▶ **Extracted data entries**
--------------------

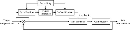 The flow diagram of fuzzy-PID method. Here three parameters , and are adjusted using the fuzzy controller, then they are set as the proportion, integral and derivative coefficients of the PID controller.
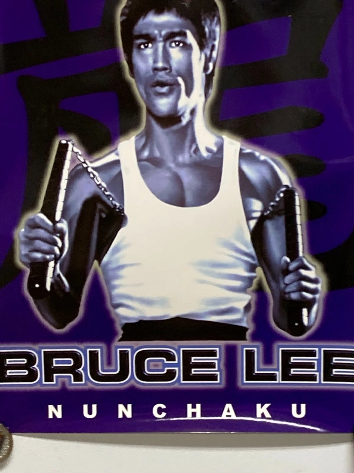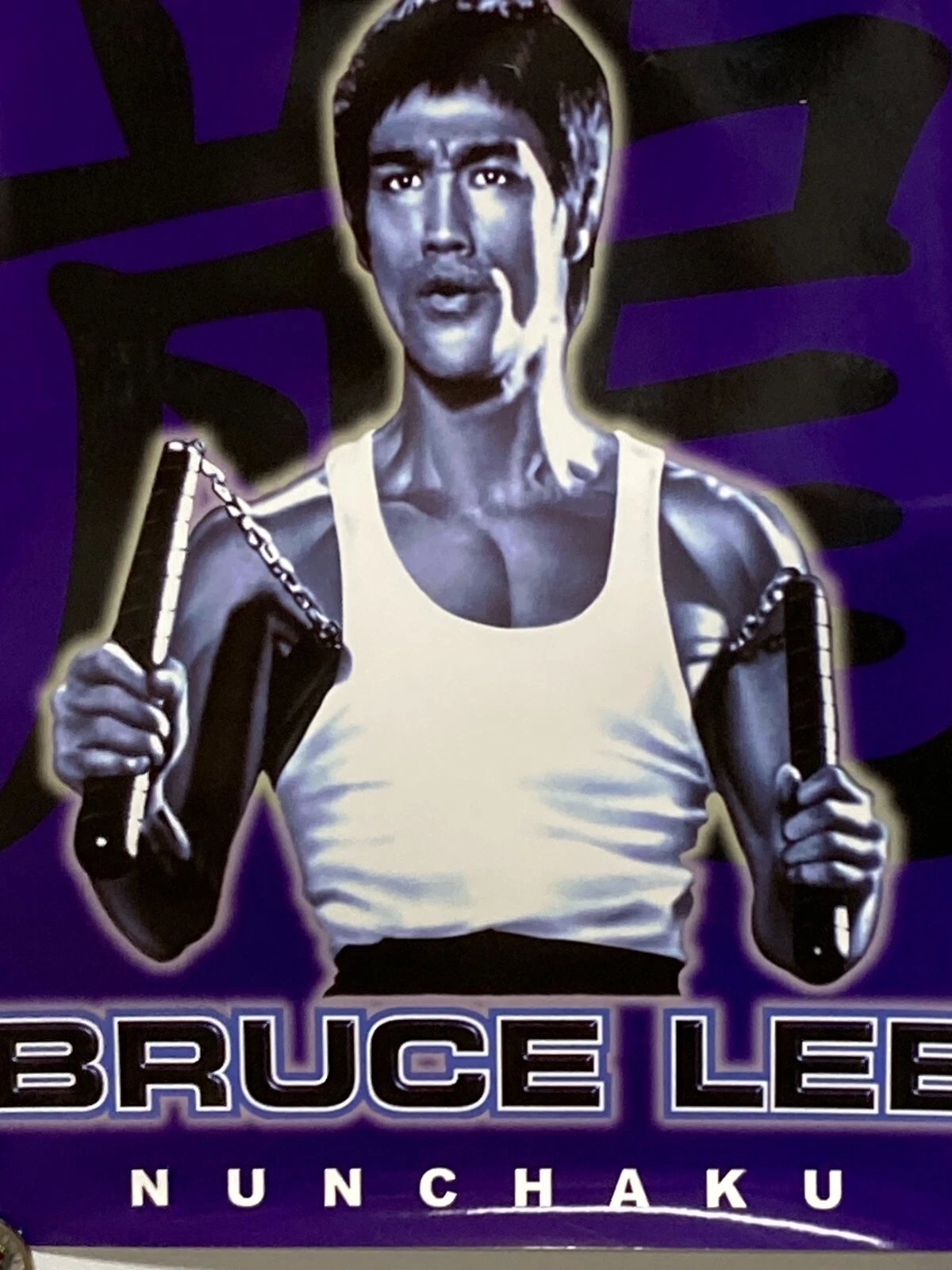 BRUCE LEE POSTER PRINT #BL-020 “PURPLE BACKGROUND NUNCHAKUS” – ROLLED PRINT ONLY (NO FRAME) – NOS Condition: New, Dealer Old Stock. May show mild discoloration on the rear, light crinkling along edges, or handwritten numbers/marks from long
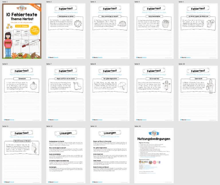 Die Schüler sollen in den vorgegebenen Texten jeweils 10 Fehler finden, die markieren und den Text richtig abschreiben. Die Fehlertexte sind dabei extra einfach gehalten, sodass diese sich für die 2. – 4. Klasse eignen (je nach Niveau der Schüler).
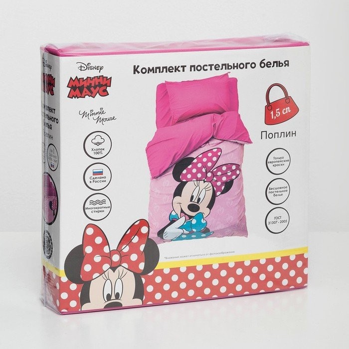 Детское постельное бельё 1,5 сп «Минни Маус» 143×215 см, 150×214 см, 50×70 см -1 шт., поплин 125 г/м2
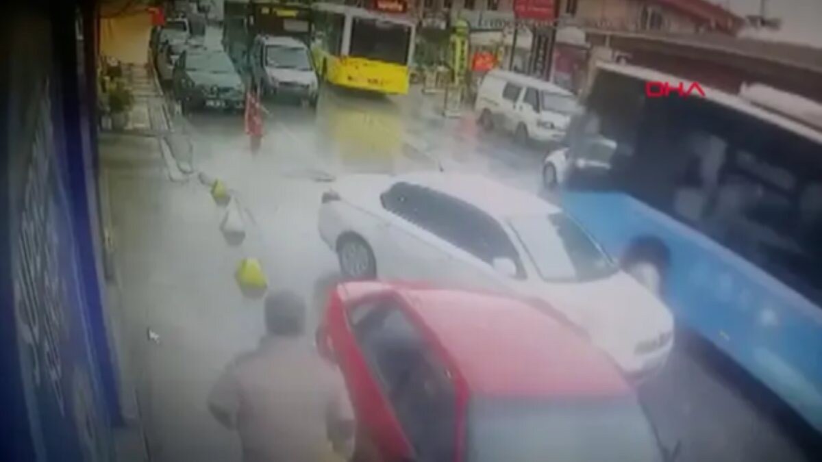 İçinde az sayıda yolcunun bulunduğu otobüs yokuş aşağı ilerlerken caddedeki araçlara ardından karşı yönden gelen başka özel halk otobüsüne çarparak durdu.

--------------------

▶ **PROBLEM REQUIREMENTS**
Leaving every picture out, output the data exactly as it stands.

▶ **RESULT OF THIS TASK**
 The flow diagram of fuzzy-PID method. Here three parameters , and are adjusted using the fuzzy controller, then they are set as the proportion, integral and derivative coefficients of the PID controller.
 BRUCE LEE POSTER PRINT #BL-020 “PURPLE BACKGROUND NUNCHAKUS” – ROLLED PRINT ONLY (NO FRAME) – NOS Condition: New, Dealer Old Stock. May show mild discoloration on the rear, light crinkling along edges, or handwritten numbers/marks from long
 Die Schüler sollen in den vorgegebenen Texten jeweils 10 Fehler finden, die markieren und den Text richtig abschreiben. Die Fehlertexte sind dabei extra einfach gehalten, sodass diese sich für die 2. – 4. Klasse eignen (je nach Niveau der Schüler).
 Детское постельное бельё 1,5 сп «Минни Маус» 143×215 см, 150×214 см, 50×70 см -1 шт., поплин 125 г/м2
 İçinde az sayıda yolcunun bulunduğu otobüs yokuş aşağı ilerlerken caddedeki araçlara ardından karşı yönden gelen başka özel halk otobüsüne çarparak durdu.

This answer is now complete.